• **EXERCISE REQUIREMENTS**
The task calls for the lines below from the line with "新古典彩绘漆画玄关台实木 酒店家具装饰柜玄关桌仿古做旧柜子" to the line with "Vintage EARLY NICKEL", both ends included, copied exactly, without any pictures.

• **PROVIDED DATA**
*-*-*
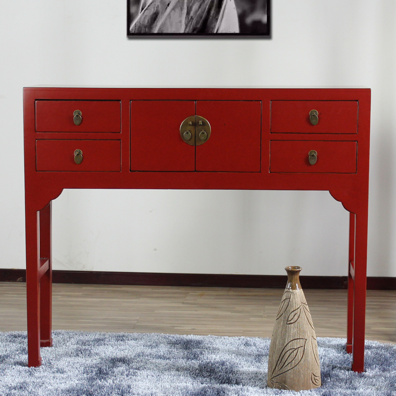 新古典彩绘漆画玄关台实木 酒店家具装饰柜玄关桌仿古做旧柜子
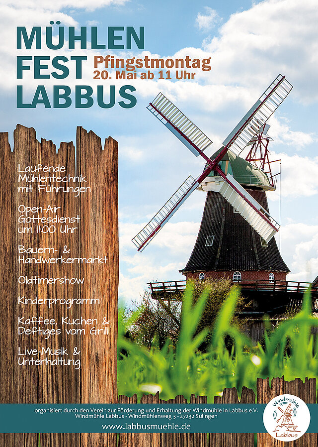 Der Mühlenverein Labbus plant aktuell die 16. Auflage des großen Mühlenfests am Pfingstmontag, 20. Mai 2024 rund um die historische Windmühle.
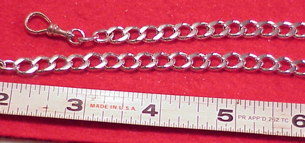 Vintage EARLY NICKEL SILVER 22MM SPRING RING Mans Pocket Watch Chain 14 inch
*-*-*
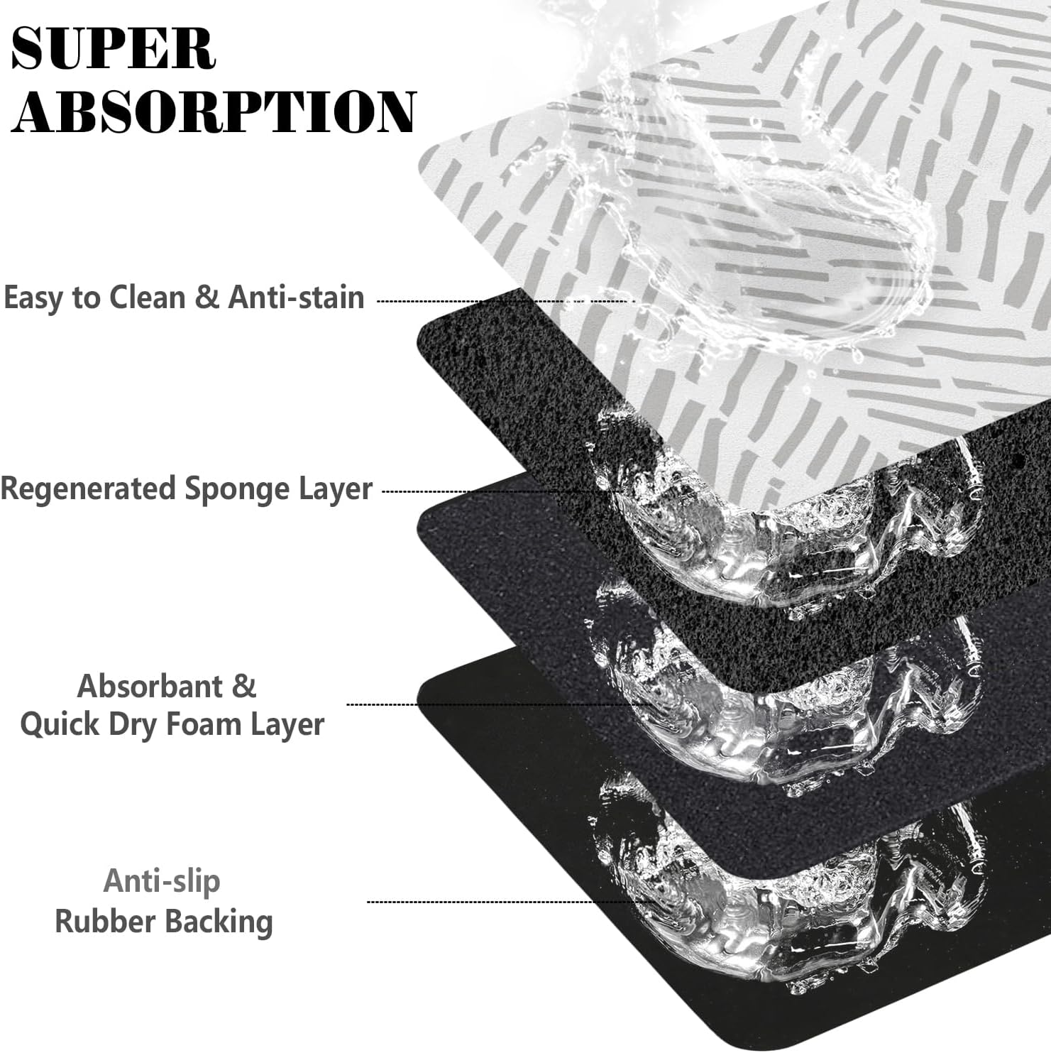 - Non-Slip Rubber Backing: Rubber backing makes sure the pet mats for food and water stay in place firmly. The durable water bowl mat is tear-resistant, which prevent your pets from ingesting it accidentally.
*-*-*
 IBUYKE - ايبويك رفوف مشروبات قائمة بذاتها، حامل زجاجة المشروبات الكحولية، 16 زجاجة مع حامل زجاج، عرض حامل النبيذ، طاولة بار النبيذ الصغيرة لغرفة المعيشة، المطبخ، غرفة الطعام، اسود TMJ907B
*-*-*
• **ANSWER BOX**
 新古典彩绘漆画玄关台实木 酒店家具装饰柜玄关桌仿古做旧柜子
 Der Mühlenverein Labbus plant aktuell die 16. Auflage des großen Mühlenfests am Pfingstmontag, 20. Mai 2024 rund um die historische Windmühle.
 Vintage EARLY NICKEL SILVER 22MM SPRING RING Mans Pocket Watch Chain 14 inch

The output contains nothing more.